New dispute settlement policy

The proposed regulations envision the adoption of a Dispute Resolution Policy. The new RNIDS Dispute Resolution Policy will be based on provisions of ICANN’s Uniform Domain Name Dispute Resolution Policy (UDRP), in particular, the mandatory administrative proceedings (paragraph 4 of the ICANN Policy). However, RNIDS itself would not be competent to settle any dispute in connection with registered domain names. It will be recommended that parties address disputes regarding .rs ccTLDs to the Center for Arbitration, which is a department within the Serbian Chamber of Commerce (in accordance with the Law on Chambers of Commerce Official Gazette RS, 65/01), or before the Center for Mediation in Serbia (in accordance with the Law on Mediation, Official Gazette RS 18/2005).

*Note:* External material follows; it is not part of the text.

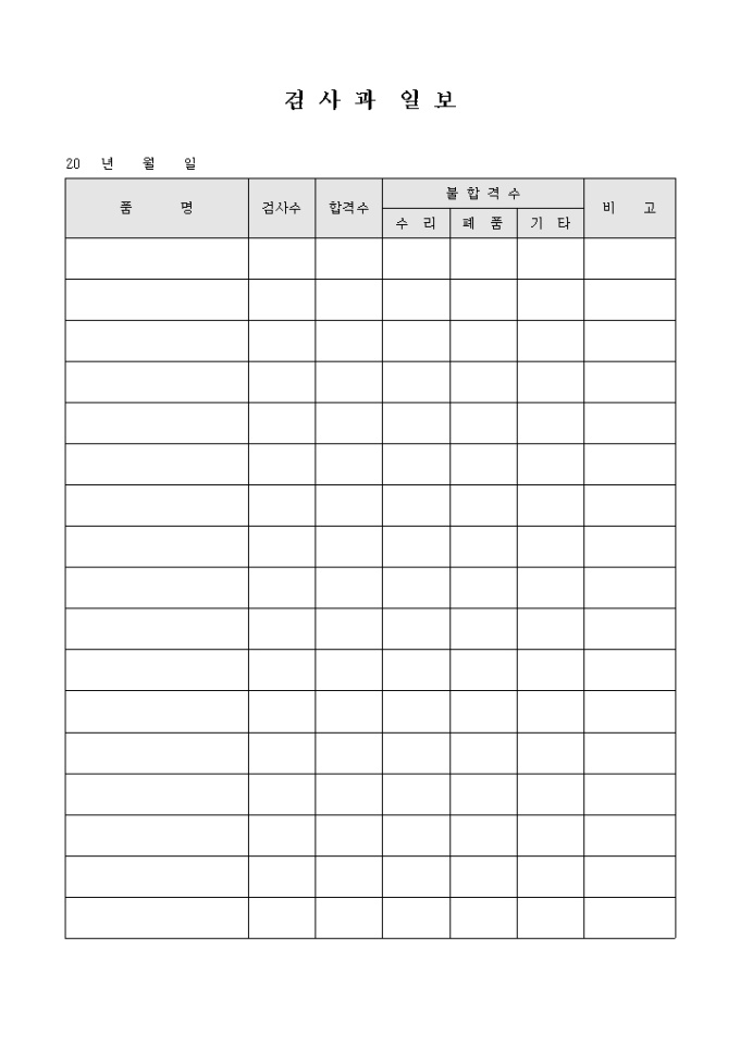 검사과 일보 양식으로 품명과 검사수 및 합격수와 불합격수 등의 항목을 기록합니다.

In line with international standards

A new governing body, RNIDS, is expected to be operational soon and new regulations governing the registration of domain names are likely to come into force early in 2007. It is hoped that these changes, based on the best practices of surrounding countries and the EU, will bring Serbia into line with modern international standards in the internet area. This is another essential step towards making Serbia a competitive and attractive market for investment.

The authors, Vesna Gakovic, an associate and Kathryn Szymczyk, a director of legal strategies and client services, are based at SD PETOSEVIC Balkan Regional Office in Belgrade, Serbia.